The Fed will purchase as much as $3.5 billion of notes today, according to the New York Fed website. The central bank’s debate about when to taper $85 billion in monthly bond buying has roiled financial markets around the world and sparked a selloff in fixed-income assets.
The U.S. central bank will vote to scale back stimulus at its Sept. 17-18 meeting, according to 65 percent of economists surveyed this month by Bloomberg.
The Fed will probably reduce its purchases of Treasuries rather than mortgage bonds, Mohamed El-Erian, the chief executive officer of Pacific Investment Management Co., which oversees world’s biggest bond fund, said in a Bloomberg Television interview yesterday.
Treasuries have fallen 0.5 percent this month, according to the Bloomberg U.S. Treasury Bond Index. German bunds have dropped 0.9 percent in the same period, while Japanese government bonds have returned 0.4 percent.

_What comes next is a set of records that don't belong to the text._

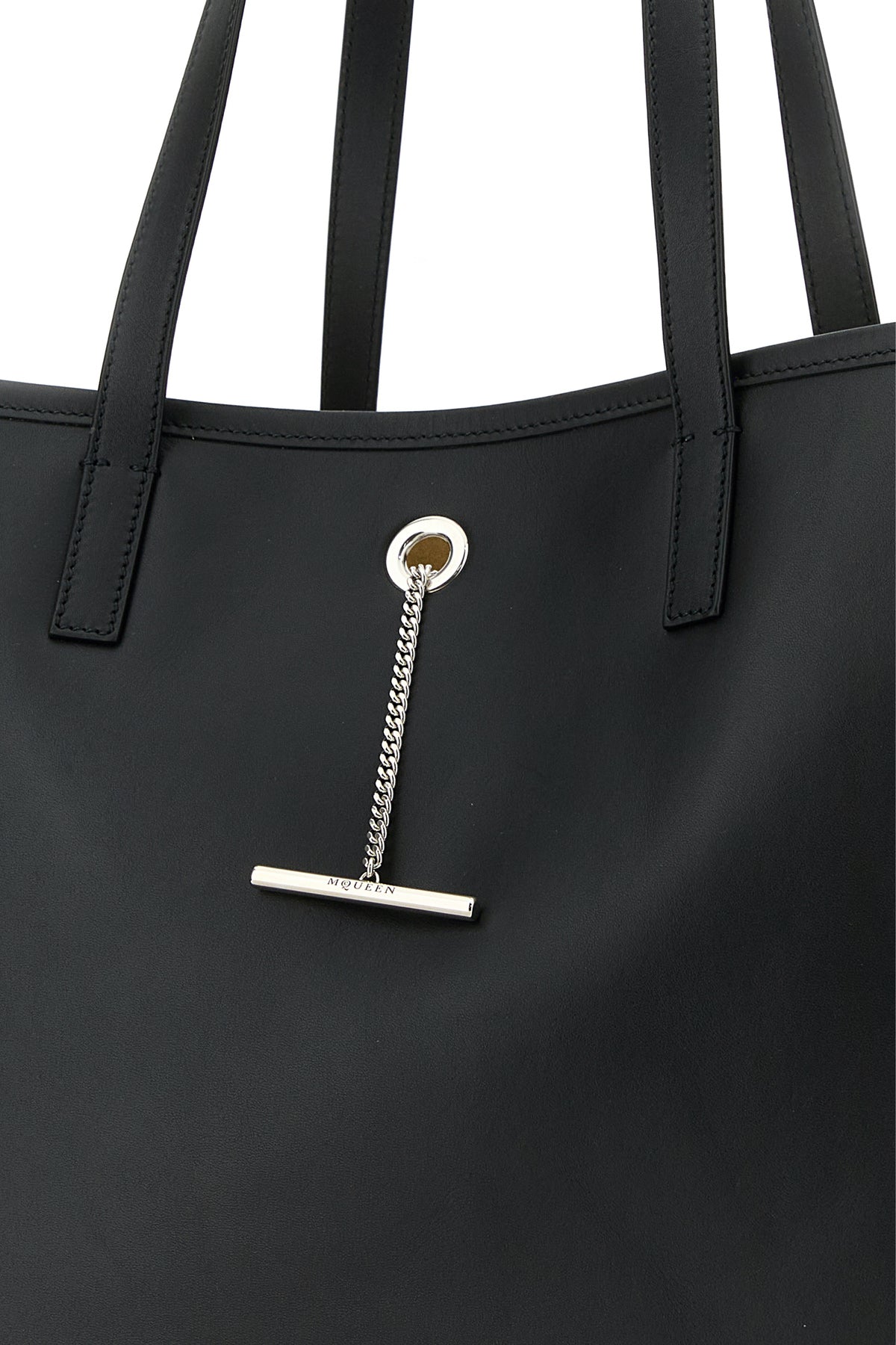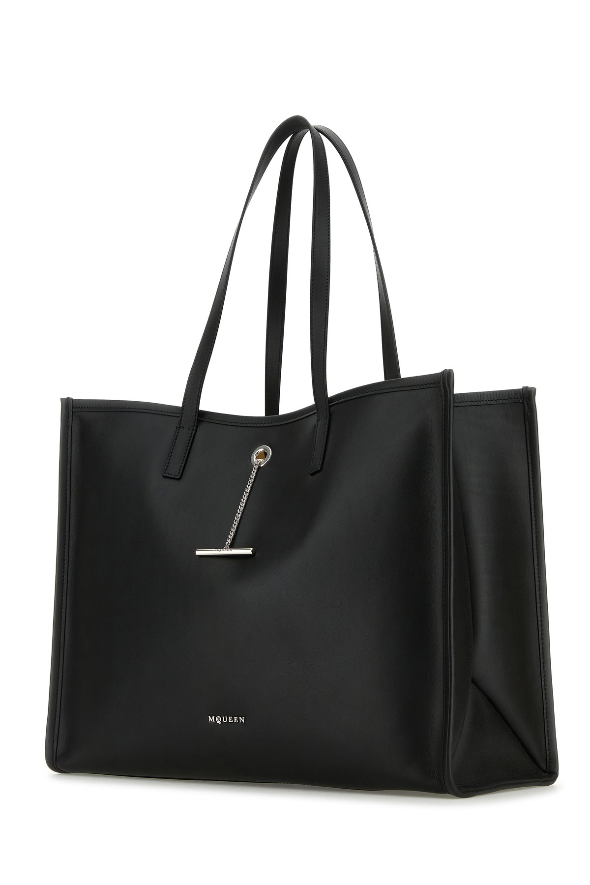 Borsa shopping realizzata in pelle di vitello liscia arricchita da logo in lettere metalliche sulla parte frontale.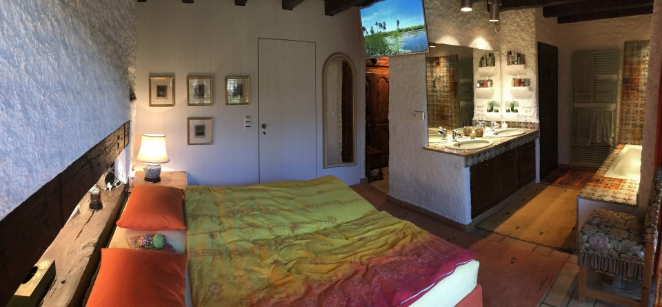Une magnifique et large piscine (avec hublot) avec couverture automatique et escalier, entourée d’une généreuse plage et terrasse bain de soleil carrelée, surplombée d'un jacuzzi avec 6 plaques à bulles et 6 buses de massage réglables (= 12 personnes). Les deux bassins sont chauffés par pompe à chaleur à 28°, resp. 35°. Celle-ci chauffe également le Pavillon de piscine .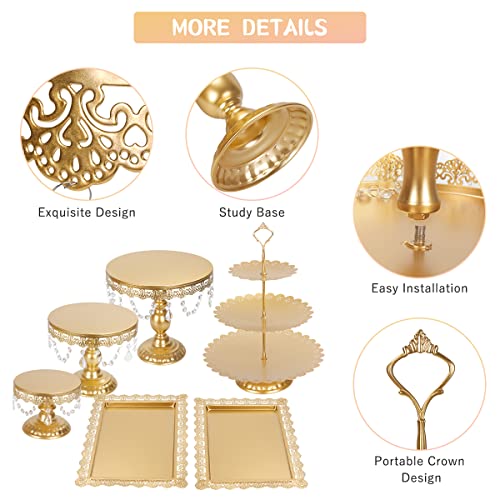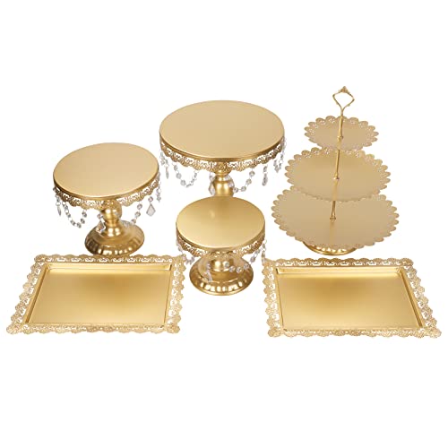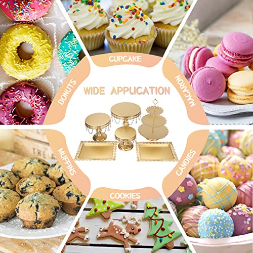 Snowtaros 6 Pezzi Alzata per Torte Rotonde in Stile Vintage, Piatto da Portata Dolci e Torta, 3 Tier Alzata per Torta, in Metallo, con Perline di Cristallo, Decorazione per Feste, Matrimoni (Oro-6pcs)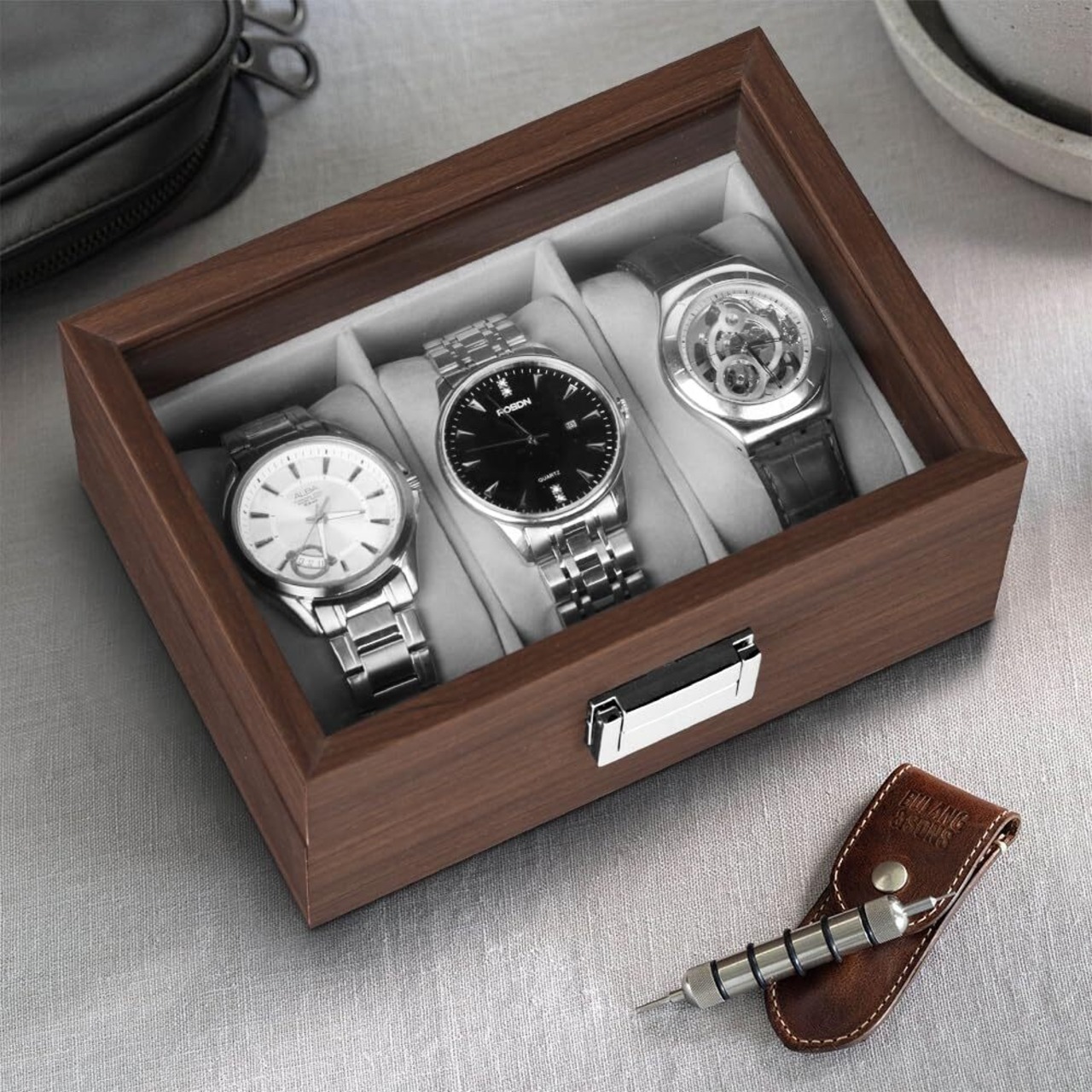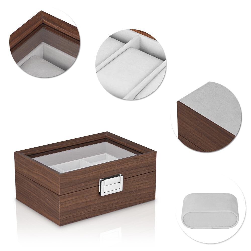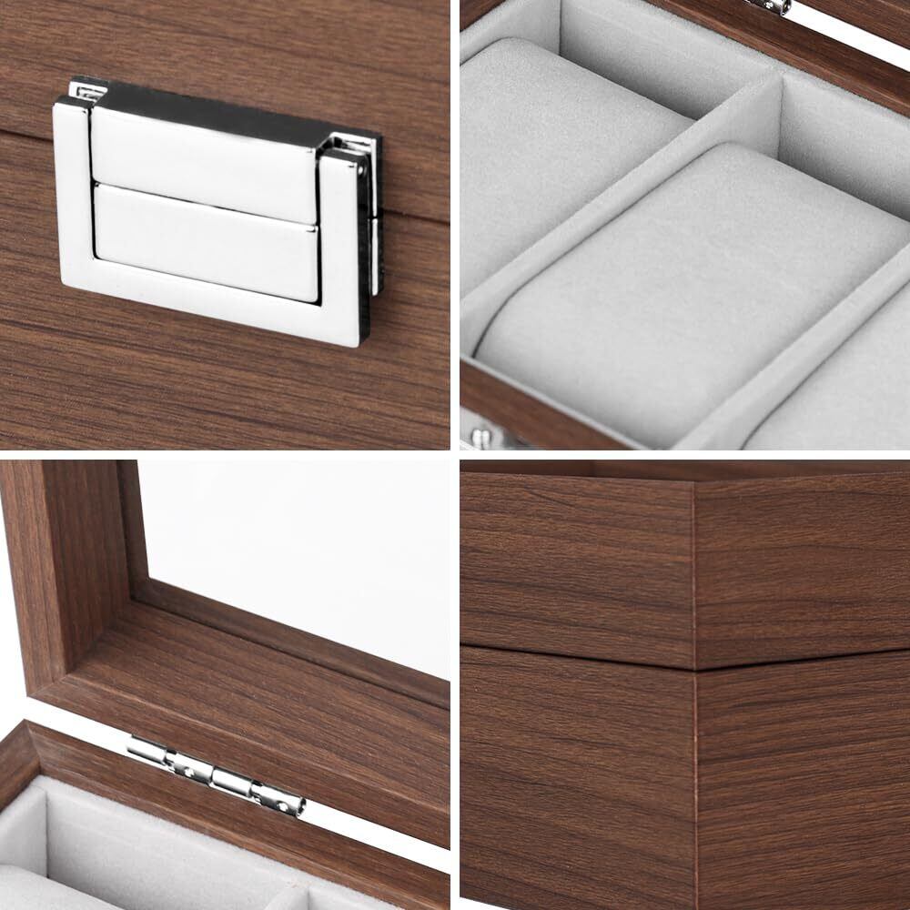 落ち着いた色味の木製収納ケースは大切な腕時計コレクションに相応しい安心感を与えます。シンプルですが、機能的なデザインは深さと直線にこだわり、上品と高級感を与えます。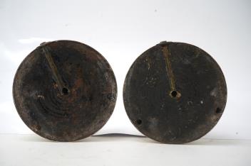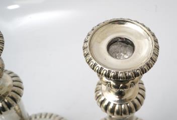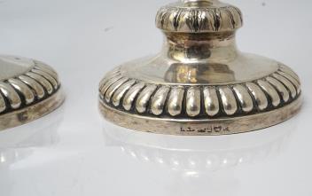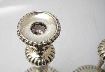 One stem leans very slightly. A few small dings to each stick, in places. Some wear to the decoration in places, commensurate with age and some use, mainly visible near to the base. Some rubbing to the hallmarks. Removeable sconces.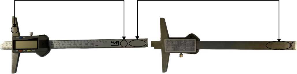 2) ШГЦ - цифровое отсчетное устройство (отсчет размеров производится по цифровому отсчетному устройству. Имеется возможность измерения в дюймах, а также возможность установки нуля).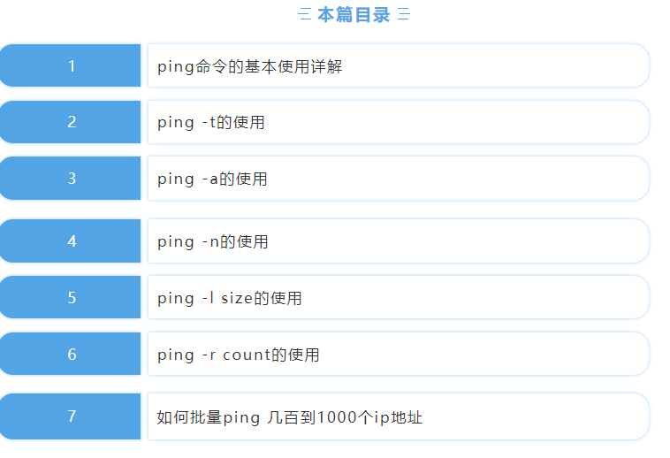 有朋友反映,能不能讲下ping命令的使用,TTL值、time值是什么意思?如何批量ping ip地址?其实对于命令的使用我们之前提到过一些,不断的有朋友问起,ping命令在项目中使用的频率最高,一般我们用的都是它的基本功能,今天我们来详细看下ping命令详细使用。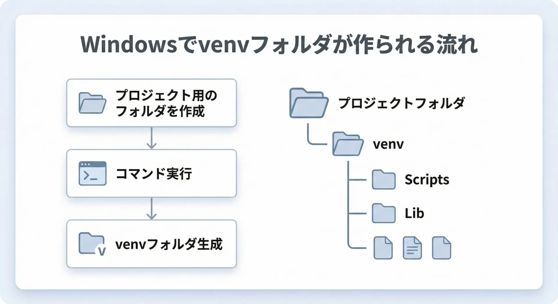 このコマンドを実行すると、現在のフォルダの中にvenvというフォルダが作成され、その中にWindows用のScriptsフォルダやLibフォルダが生成されます。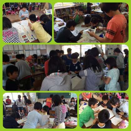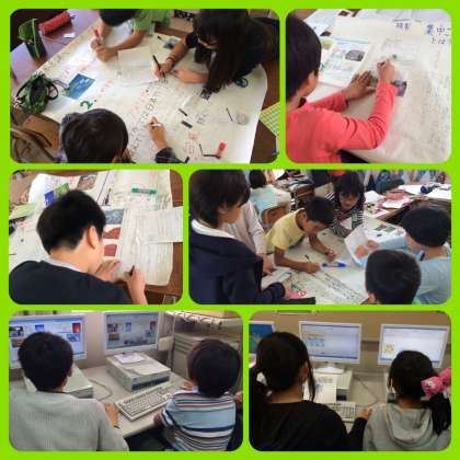 『地震』『台風』『集中豪雨』『火山の噴火』の自然災害について、班に分かれ新聞作りをしています。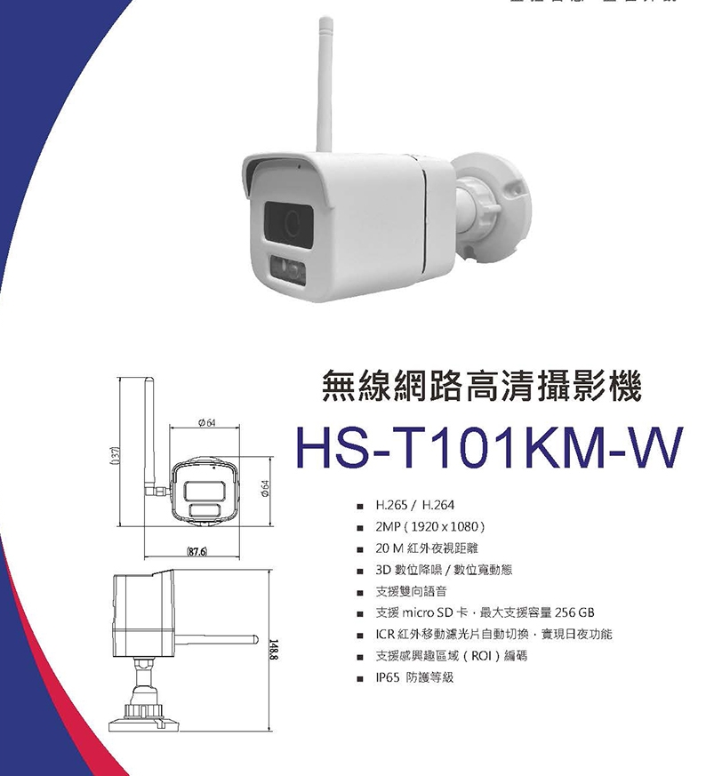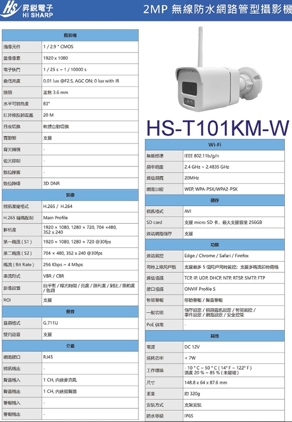 專案限量T101KM 他就是一般的安防網路攝影機他多了Wi-Fi功能昇銳 Hi-Sharp H.265 200萬 雙向語音 無線網路攝影機 支援SD卡 無POE HS-T101KM-W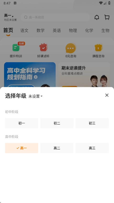 2.您可以点击左上角设置年级阶段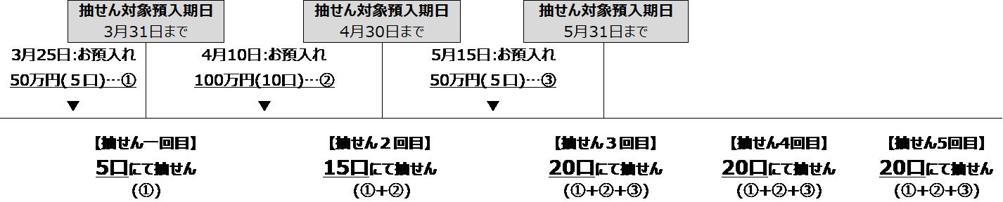 抽せん対象預入期日(3月31日、4月30日、5月31日)までのお預入れ且つ、10万円を1口として抽せんを行います。お預入れ金額および回数に上限はないため、口数が増えるほど当選確率がアップします。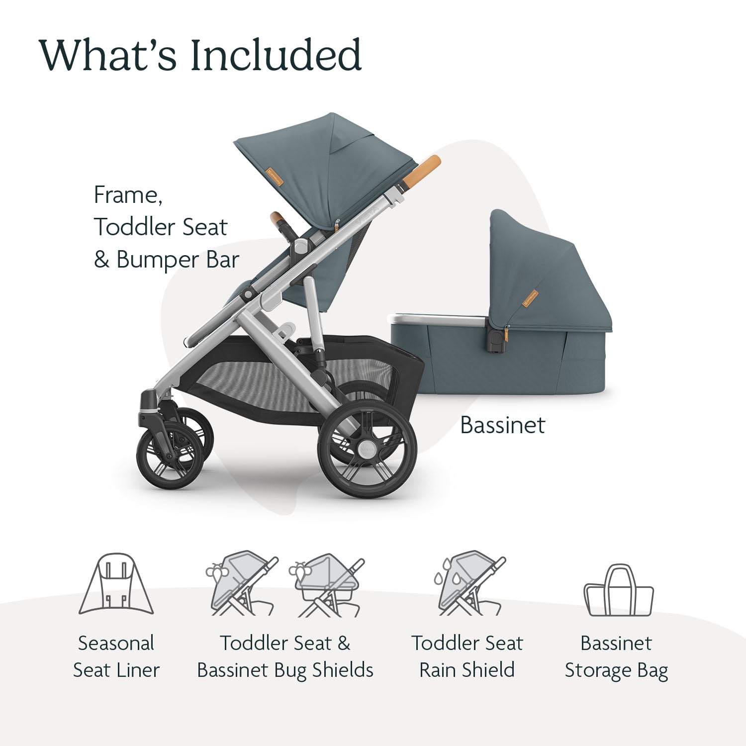 BUNDLE INCLUDES: Vista V3 Stroller, Bassinet V3, Bug Shields for Toddler Seat and Bassinet V3, Toddler Seat Rain Shield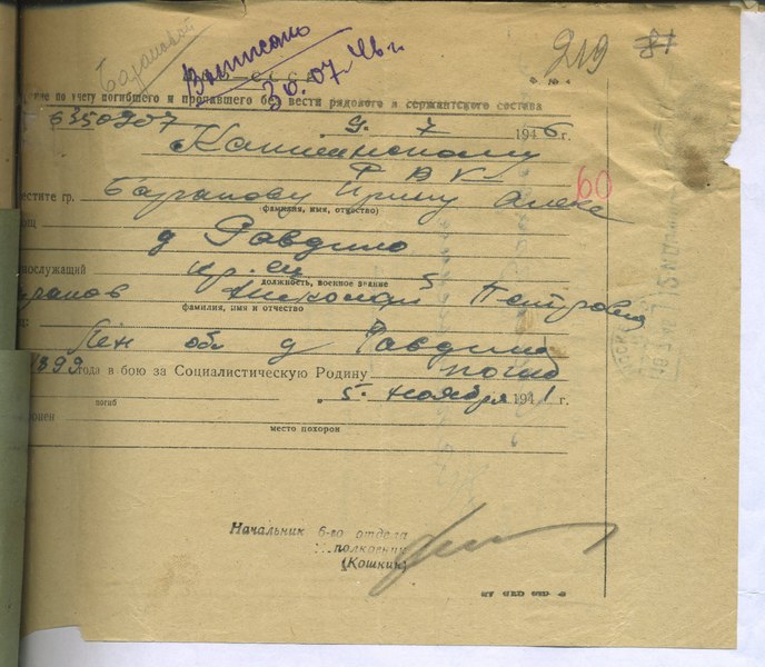 Файл: «Тихвин_Архив_РВК_Похоронки_Баранов.Н.П_1»
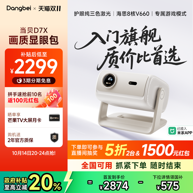 【重磅新品 全国国补立减20%】当贝D7X投影仪家用超高清小型便携激光电视高清高亮智能投影机手机投屏

The MSCI Asia Pacific Index of shares fell 1.5 percent as the U.S., France and the U.K. stepped closer to a military strike against Syria. U.S. President Barack Obama is working with allies to reach agreement on limited action against the nation after concluding the regime used chemical weapons against civilians.
Japan’s 10-year yield slid 1 1/2 basis points to 0.725 percent, after touching 0.72 percent, the lowest since Aug. 21. Australia’s 10-year yield dropped four basis points to 3.89 percent.
“Any data has basically been trumped by the rising tensions in Syria and bonds have rallied,” said Martin Whetton, an interest-rate strategist at Nomura Holdings Inc. in Sydney. “That’s how it should play out today as well in the Treasury market and for global bond markets.”